Tuesday, June 21, 2011

Thirstbaravin

Thirstbaravin
629 Classon Ave

(between Atlantic Ave & Pacific St)
Brooklyn, NY 11238

With people, lofty arrogance often belies latent insecurities. With restaurants, it is a warning sign for a bad meal.

I've been a fan of Eric Asimov's NYT wine column for several years, and upon reading his recommendation of this desolate outpost of a restaurant in Crown Heights, I made it a point to go here. Also, the restaurant's elevation of the underappreciated French wine-producing regions of Provence, Languedoc, and Rousillion, beckoned me to go here.

The wines by the glass list initially turned me off given the small number to choose from (
3 whites, 3 reds, 1 rose, and 2 dessert wines) and their relatively high price points ($8-11) given what the bottles sell at retail. The waitress/owner initially tried to sell me a glass of red from a half-empty bottle with a rubber stopper, a clear signal that the restaurant is trying to dump a bottle opened one or two nights ago. I passed and demurred for a Domaine de Fontsainte Corbieres Rose Gris de Gris ($8), which was from an unopened magnum and a reputable distributor. I asked why the wine was called "gris de gris," and got a harried answer about how the wine was halfway between a red and a white wine (hence the 1st gris), and after further prying, that it was made from "Grenache Gris" (thus, the 2nd). After my glass was half full, I was asked if I wanted another glass of wine. (Not yet.) Mid-way through my meal, I was asked if I still wanted another glass of wine (No, not for that stingy 4 oz. pour.) After my rillettes, I was then asked again (No, because you are annoying me with your upselling.)

The meal started on a good note and gradually wended downhill. The cold beet soup with sheep's milk cheese ($8) was a delectable dish on the longest day of the year: the creaminess of the beet soup married well with the tanginess of the sheep's milk cheese and earthy drizzle of olive oil on top. The dandelion green salad was an exercise in ingredients not handled well; the bitterness of the dandelion greens was underlined even more by the lemony, acidic vinaigrette that dressed them and the slightly burnt croutons that topped it.

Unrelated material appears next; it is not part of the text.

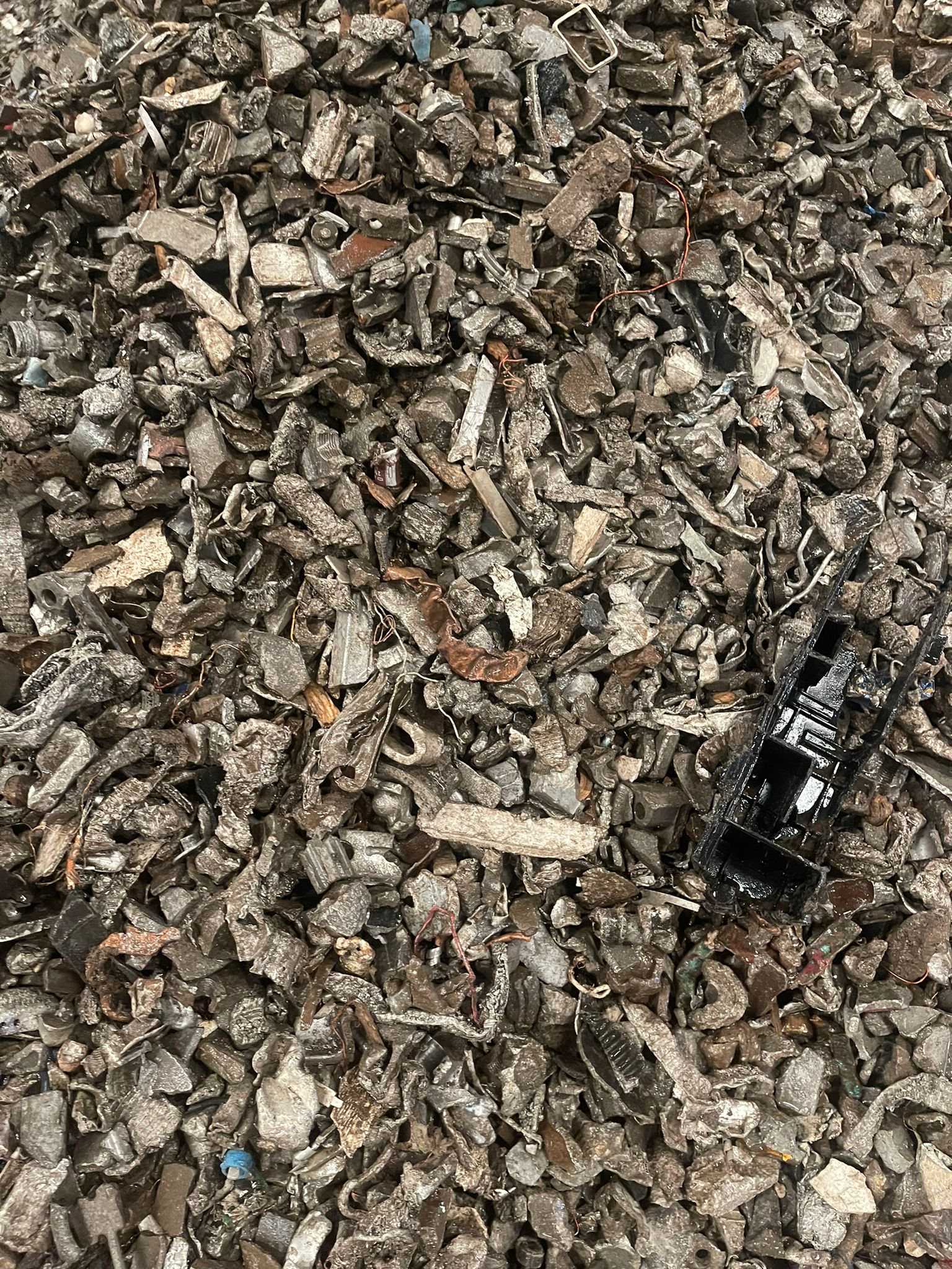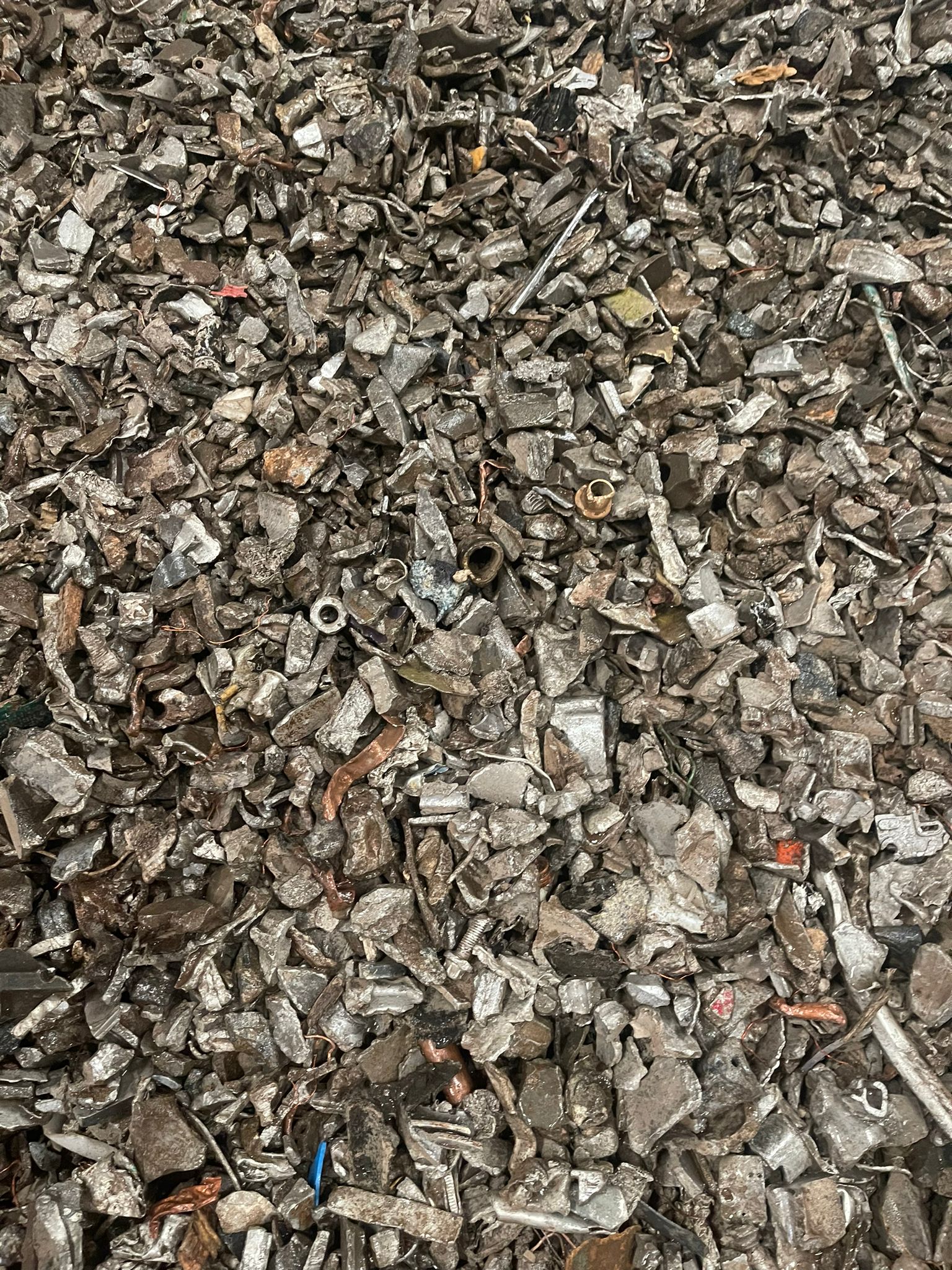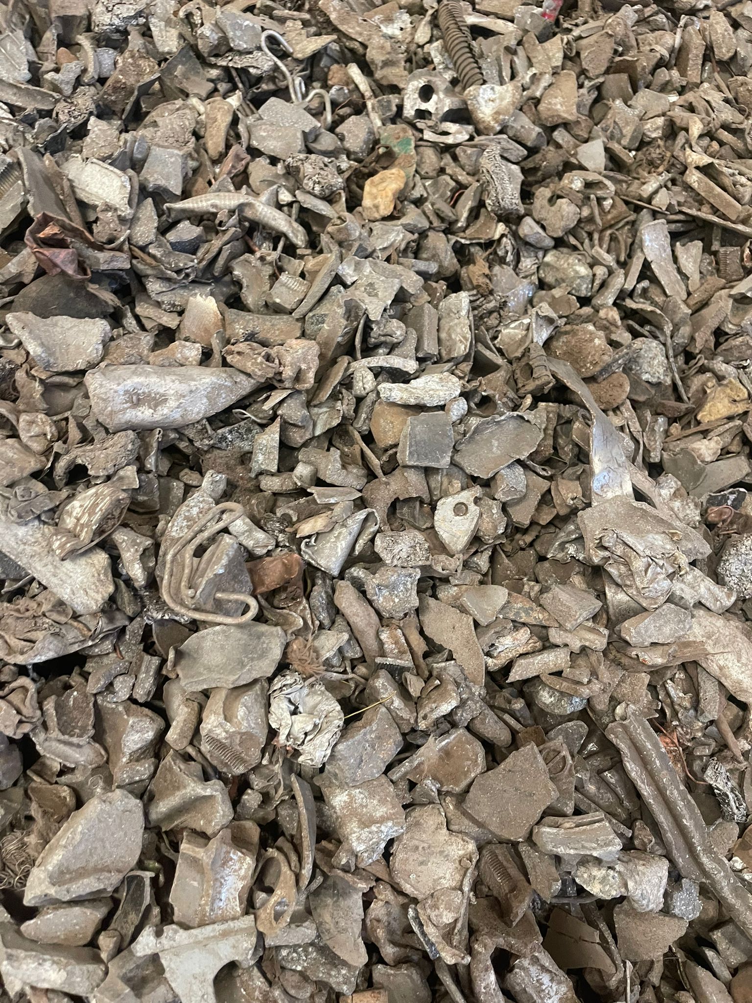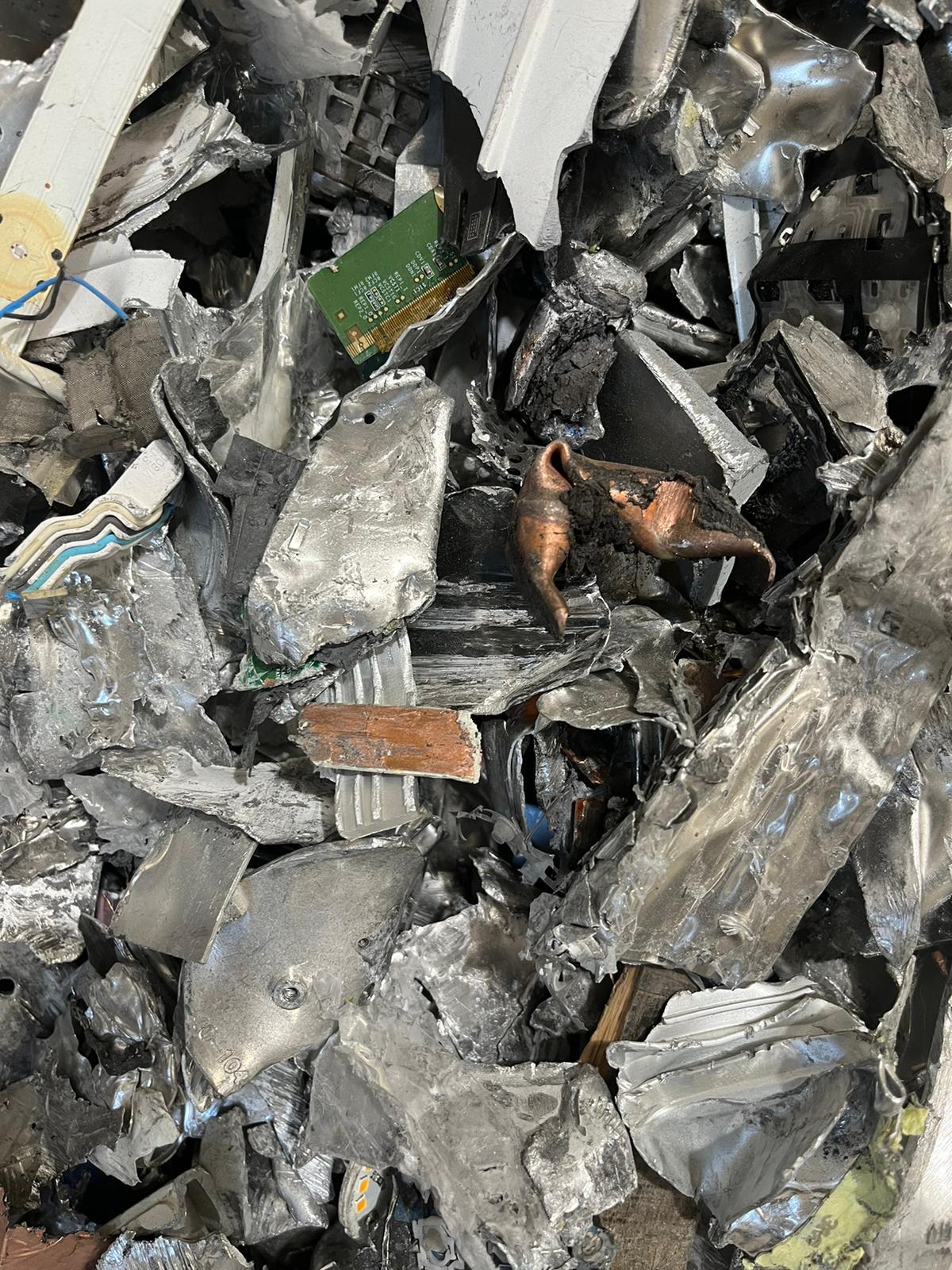 Small-sized Zorba scrap grade 95/10 with a high metallic content and moderate red metals presence, suitable for aluminium and heavy metals recovery after appropriate processing.
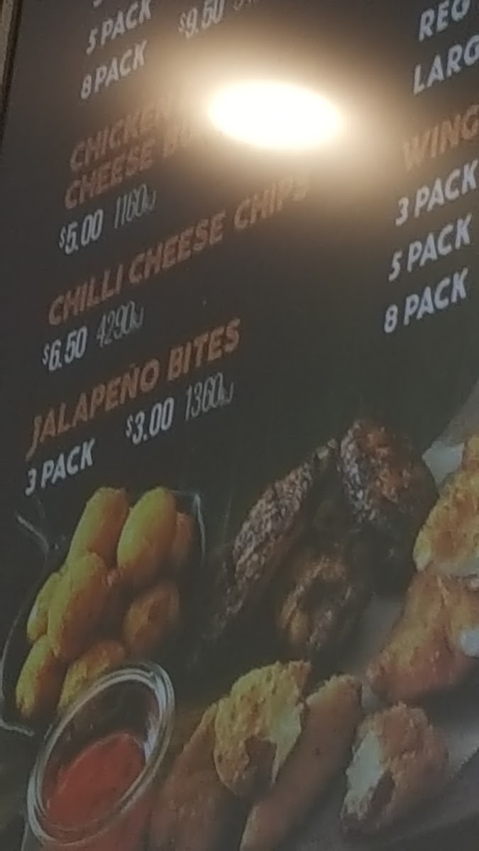 Choose from our heavenly Jalapeño Bites, Spicy Chicken Bolas or Crispy Wings together with our famous hot chips. (564 kJ).

Following these two dishes, the chicken rillettes ($12) were a slimy disappointment, with the minimal mound of seemingly leftover chicken made even more insignificant by the stale, oxidized baguette slices that were served along with it. After having two poor dishes, I should have called it quits, but I decided to order the Macaroni Gratin ($14). Upon seeing the dish, I knew I would be disappointed; upon biting into it, I became morose. The turgid cylinders of rigatoni looked as if they were taking limpid bath in a wan cheese sauce. With gratin, there should be an incorporation of the bread crumbs, the sauce, and the starch, but since the bread crumbs had been too liberally sprinkled and added to late, the little bread pieces became like small pieces of gravel while gnoshing on my pasta. After the pasta was half-eaten, I became fully dejected, and asked for the check.

My first (and last trip) to Thirstbaravin was an unmitigated disappointment. From the pushy wine service, to the poor quality of food, to the lofty price points, this is a restaurant that has severely become complacent since Eric Asimov's glowing write up. For someone who works in the industry, I would never tell anyone to not eat at a restaurant, but for someone thinking about Thirstbaravin, I would go out of my way to make an exception.